Monday, November 14, 2011

St Paul outside the Walls


This past week, our class ventured forth to the beautiful basilica known as St. Paul outside the Walls. This is the second largest basilica in Rome (second to St. Peter's, of course). Tradition (which, in this case, is nearly unquestioned) holds that St. Paul was beheaded about two miles from where the basilica now stands. After his execution, a Roman Christian by the name of Lucina begged for his remains. She was given permission to take them and she buried them just off the Via Ostiense. Almost immediately, a small monument was erected and the place became a site of veneration and pilgrimage. Once Constantine was emperor, a larger building project was begun. Of course, various raids and fires led to stages of restoration and reconstruction throughout the centuries. But this place is the uncontested resting spot of St. Paul's remains, and has been a constant site of veneration as such for more than 1900 years.

This basilica is a very interesting place to visit, particularly because visitors are struck both by its age and by its identity as a constant and contemporary place of pilgrimage. The Holy Door was redone for the Jubilee year in 2000, with images both ancient and modern, and the main entrance has images done for the Pauline year of 2008-9. One gets a sense of the place not as simply a history lesson, but also as the site of a living faith.

My students and I are reading five of St. Paul's letters this semester. For me, at least, it is a powerful thing to read and discuss his words sitting in the shadow of the basilica built over his bones. We spent much of our time in class this week discussing Paul's letter to the Philippians. Of course, the famous "Christ hymn" (Phil 2:5-11) looms large in this text:

Have among yourselves the same attitude that is also yours in Christ Jesus, Who, though he was in the form of God, did not regard equality with God something to be grasped. Rather, he emptied himself, taking the form of a slave, coming in human likeness; and found human in appearance, he humbled himself, becoming obedient to death, even death on a cross.

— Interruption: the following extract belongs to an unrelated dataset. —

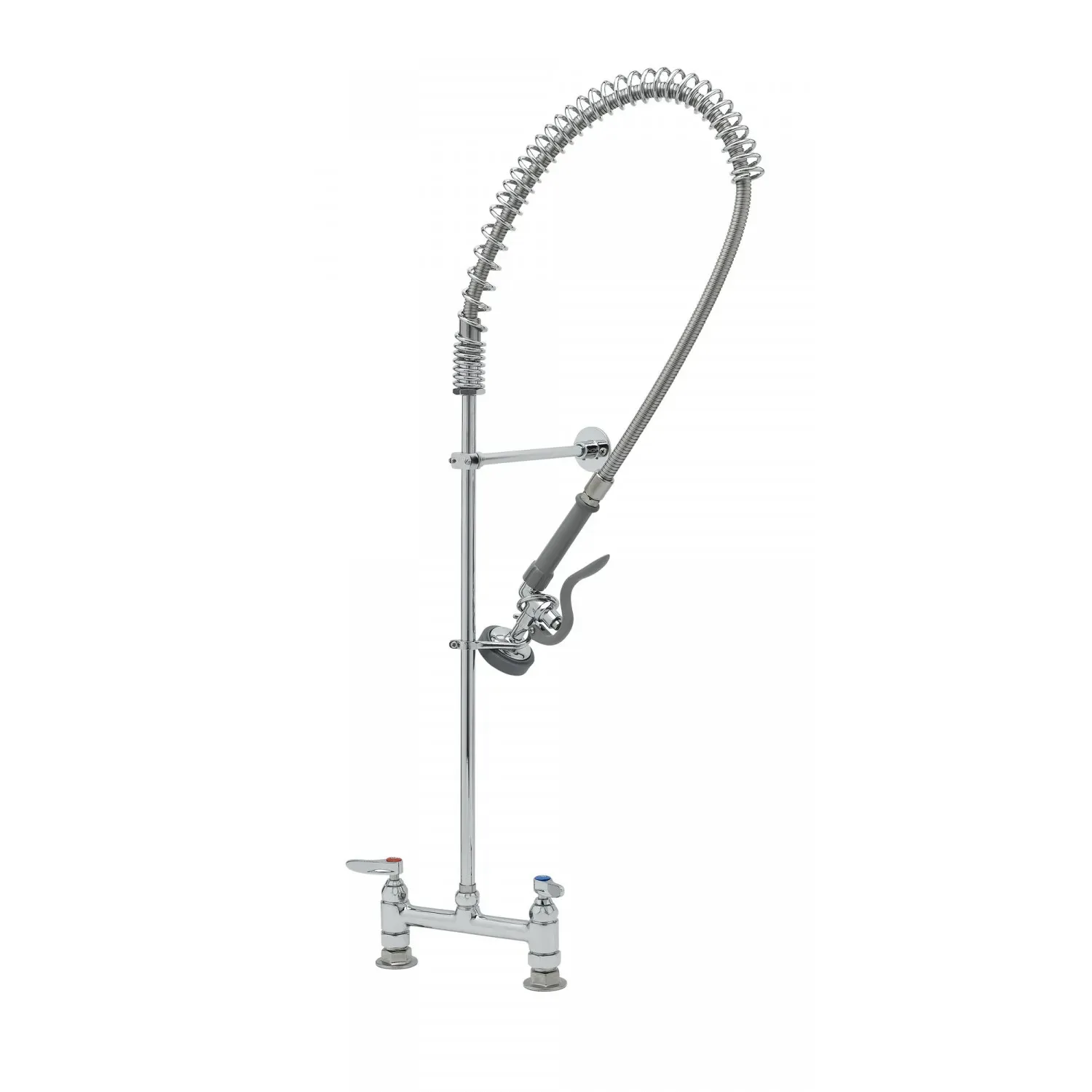 Maintain System Efficiency with the T&S Brass, B-0123-B9, Pre-Rinse Faucet Assembly. This easy-install pre-rinse faucet is designed to optimize efficiency in commercial restaurant settings. With its spring action and deck mount base, it offers convenience and flexibility. The 8" centers ensure a secure and stable installation, while the 9" wall bracket adds extra support. The polished chrome plated brass body not only enhances the faucet's durability but also adds a sleek and professional look to any kitchen. The easy-install riser allows for quick installation, saving valuable time and effort. The 44" flexible stainless steel hose with a heat-resistant gray handle and hold-down ring provides excellent maneuverability and ensures long-lasting performance. Whether you're rinsing dishes, cleaning surfaces, or prepping ingredients, this pre-rinse faucet assembly from T&S Brass is a reliable and efficient choice for any commercial restaurant.

Because of this, God greatly exalted him and bestowed on him the name that is above every name, that at the name of Jesus every knee should bend, of those in heaven and on earth and under the earth, and every tongue confess that Jesus Christ is Lord, to the glory of God the Father.

I wonder if these words sing quite so loudly anywhere in the world as at this spot, built over the bones of the author, who himself died a martyr's death. Of course, the strange answer is that they sing just as well in every spot where a Christian lives a life (or dies a death) that proclaims his or her sharing the mind of Christ, His obedience, His humility.

This is, of course, one of the wonderful gifts of St. Paul to the Church, one that I'm trying to communicate to my students. St. Paul wrote these letters that were originally meant to speak to very particular concerns of very particular communities of Christians. And yet, somehow (divine inspiration?!), he offered words that speak of Christian faith and to Christian communities in ways that seem not to be bound (for the most part) by the particularities of time and place.